During foraging, shrimp rapidly probe the substratum using the first three pair of chelate pereopods. Once food is located, it is grasped by the pereopods which pass it to the mouthparts. Small particles are placed directly in a pre-oral cavity, while larger items are held to the mouthparts by the third maxillipeds for further manipulation. Sand grains and other inedible items are usually rejected, although some items may be ingested and aid in.food grinding (Bailey-Brock & Moss, 1992).

Preliminary digestion occurs after ingested food enters the elastic foregut, or proventriculus, where enzyme addition, trituration, and storage take place. Food passage through the foregut is rapid and it empties at a declining logarithmic rate. Partially digested food then passes to the midgut, or digestive gland, where the dual functions of enzyme secretion and absorption of digested food occur. Digestive enzymes secreted from the midgut include proteinases, carboxypeptidases, lipases, amylases, chitinases, and others. It may be possible for some penaeid species to alter their digestive enzyme profiles depending on their dietary history. Gut flora may be an important source of digestive enzymes for penaeids, although their role is not well established. While most soluble products of digestion are absorbed in the midgut and midgut diverticula, undigestible items pass through a simple tubular hindgut where longitudinal, muscular pads grasp the fecal string by its peritrophic membrane and rhythmical contractions expel it (Bailey-Brock & Moss, 1992).

Penaeid shrimp are known to ingest a variety of items and have been described as omnivorous scavengers, opportunistic omnivores, detritus feeders, carnivores, and predators. While some interspecific differences in the trophic status of penaeids may exist, ontogenetic changes in food preference and food availability can account for much of the reported variation in their diets. Epibenthic postlarvae and juveniles consume both animal and plant matter, including microalgae, detrital aggregates, macrophytes, foraminiferans, nematodes, copepods, tanaids, larval molluscs, and brachyuran larvae. As shrimp grow, many of the small invertebrates in their diet are replaced by larger invertebrate prey, such as mysid and caridean shrimp, amphipods, polychaetes, and molluscs, as well as fishes (Bailey-Brock & Moss, 1992).

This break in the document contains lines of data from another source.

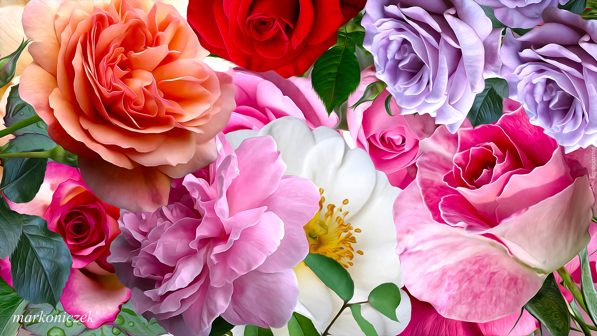 Edytor tapety: Rozwinięte róże w grafice 2D
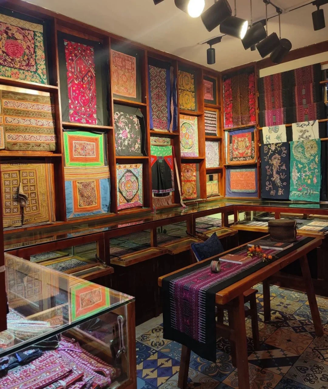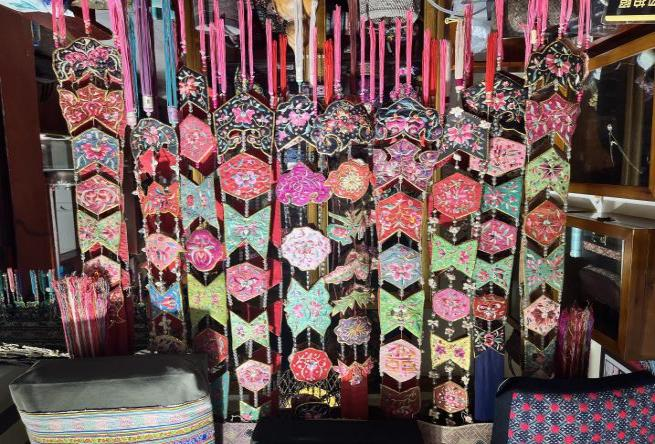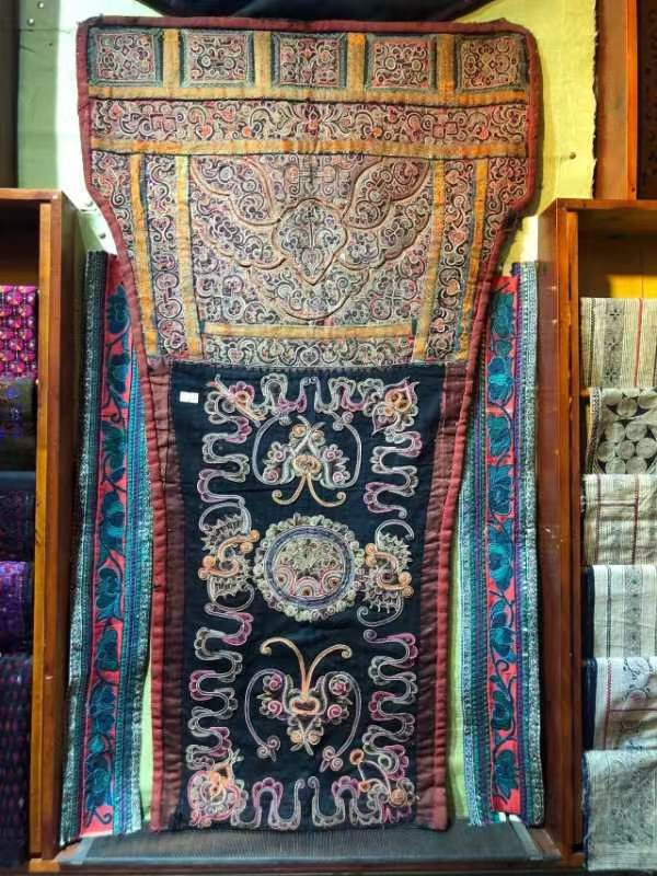 这家苗族博物馆是一家私人苗族绣品店。老板金花来自贵州省台江县施洞镇的苗绣世家,她是当地的苗绣非遗传承人。博物馆内的大部分刺绣图案或纹样都有相应的传说或来历。
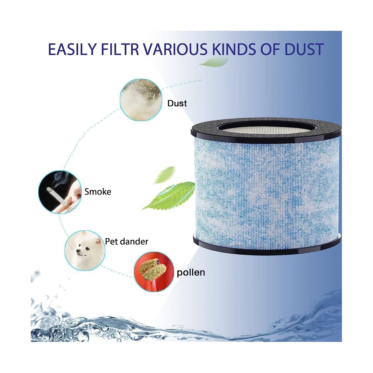 3 IN 1 FILTRATION: Pre-filter removes larger particles in the air like dust, hairs, pet fur; HEPA Filter captures of airborne particles down to 0.3 Micrometres in size such as pollen, dirt, pet dander; Blue Filter: Block particles again.

Subadult and adult shrimp also consume significant amounts of detrital aggregates. Depending on its source and age, detritus can be efficiently assimilated. The relative contribution of detrital particles per se versus attendant microbes (i.e. fungi, bacteria, and protozoans) to shrimp nutrition is not clear. Detritus originates mostly from primary producers, and is largely composed of structural polysaccharides and other polymers. The ability to hydrolyze these compounds is rare among marine invertebrates, and is not well documented for penaeid shrimp (Bailey-Brock & Moss, 1992).

Bacteria rapidly colonize and decompose detritus in marine and brackishwater ecosystems, and were thought to be important components in penaeid diets. Recent evidence indicates, however, that bacterial biomass associated with detritus or sediments accounts for a relatively small fraction of total organic carbon and nitrogen, and animals using this resource generally do not consume these bacteria rapidly enough to meet their energetic requirements. Furthermore, bacteria are conspicuously lacking in long chain polyunsaturated fatty acids, sterols, and the sulfur-containing amino acid methionine, all of which are important dietary components for penaeid shrimp (Bailey-Brock & Moss, 1992).

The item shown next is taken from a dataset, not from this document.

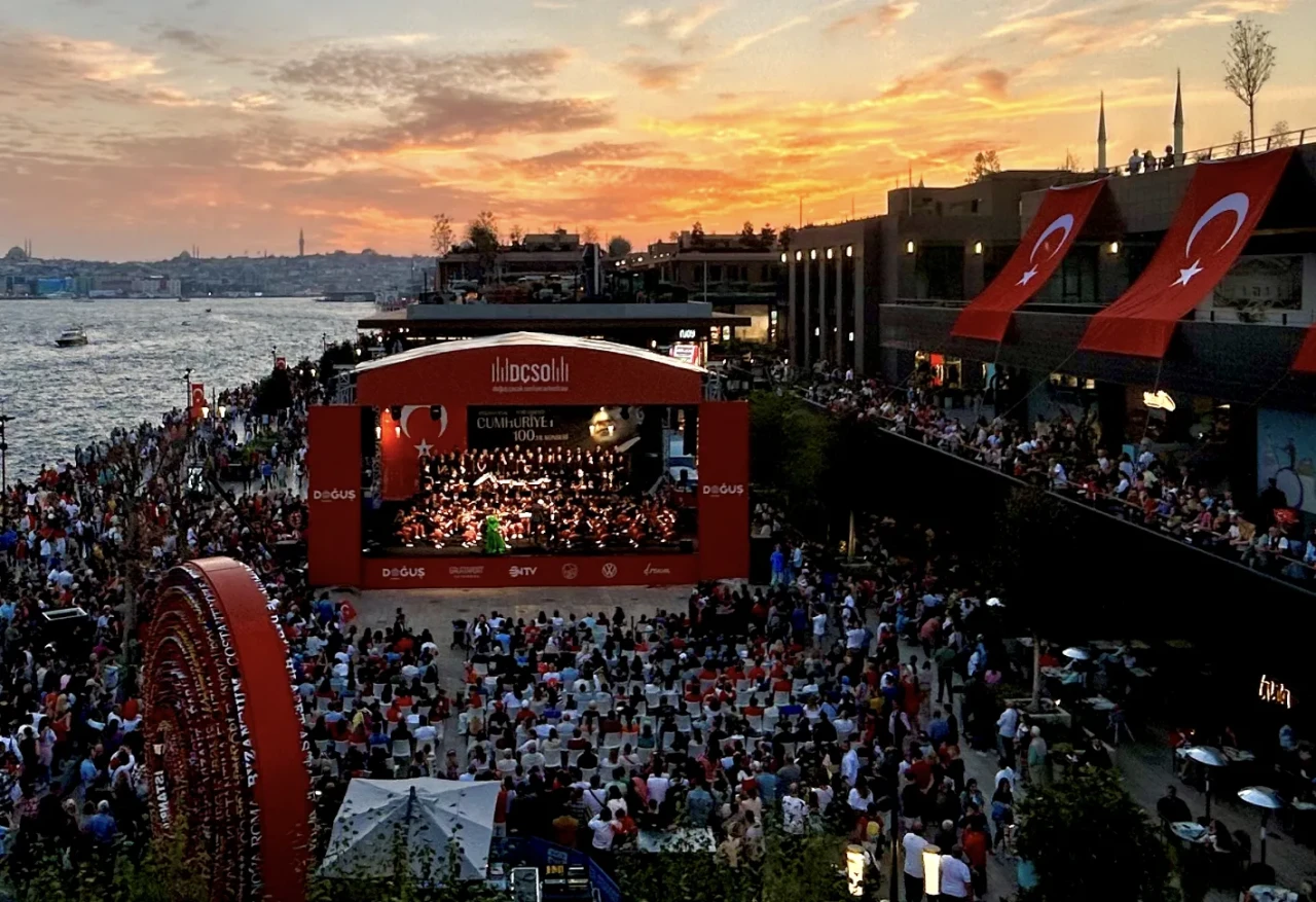 Doğuş Meydanı, günün en coşkulu anlarına sahne olacak. Şef ve genel müzik direktörü Prof. Rengim Gökmen yönetimindeki Doğuş Çocuk Senfoni Orkestrası (DÇSO), Cumhuriyetin 102. yılı onuruna iki ayrı konserle sanatseverlerle buluşacak. Yaklaşık 70 öğrencinin yer alacağı bu anlamlı performanslarda, orkestranın çatısı altında yetişip uluslararası kariyer edinen eski öğrenciler; keman sanatçıları Alican Süner, Hasan Gökçe Yorgun, İdil Yunkuş ve Sesim Bezdüz de yeniden sahneye çıkarak genç müzisyenlere ilham verecek. Repertuvarda yer alan 10. Yıl Marşı, Gençlik Marşı ve Türkiye Senfonik Şiiri gibi eserler, meydanı tam anlamıyla bir Cumhuriyet atmosferine büründürecek. Ayrıca, Radyo Voyage’ın 29 Ekim temalı özel müzikleri de gün boyu Doğuş Meydanı'nda yankılanacak.

Less is known about the potential nutritional importance of other microbial groups. Protozoans are considered important bacterial grazers in planktonic food chains, capable of consuming a large fraction of the bacterial biomass and channeling energy to higher trophic levels. A similar stiuation may occur in sediments and on detrital aggregates, where protozoans (especially ciliates) are thought to be important bacterial grazers. Although protozoans are presumed to synthesize their own long chain polyunsaturated fatty acids, thus making them desirable dietary items for penaeid shrimp, virtually nothing is known about macrofaunal consumption of these potential food items. Fungi are considered to play a minor role in the decomposition of detritus in marine and brackish water ecosystems, and are probably nutritionally unimportant to shrimp (Bailey-Brock & Moss, 1992).

Studies using stable carbon isotope techniques have helped to clarify food web relationships between penaeid shrimp and potential food items in coastal habitats. These techniques are useful in determining the origins and transformations of organic matter that is channeled through benthic food webs by providing a time-integrated dietary history of the species under study. Penaeid shrimp inhabiting coastal mangroves and saltmarshes appear to derive little carbon from macrophytes or macrophyte-derived detritus and associated heterotrophic microbes. Instead, a substantial portion of carbon ending up in shrimp biomass originates from planktonic microalgae, epiphytic algae, or benthic algae. These studies provide evidence that microalgae, or organisms feeding on microalgae, can be a major source of nutrition for penaeid shrimp in coastal habitats (Bailey-Brock & Moss, 1992).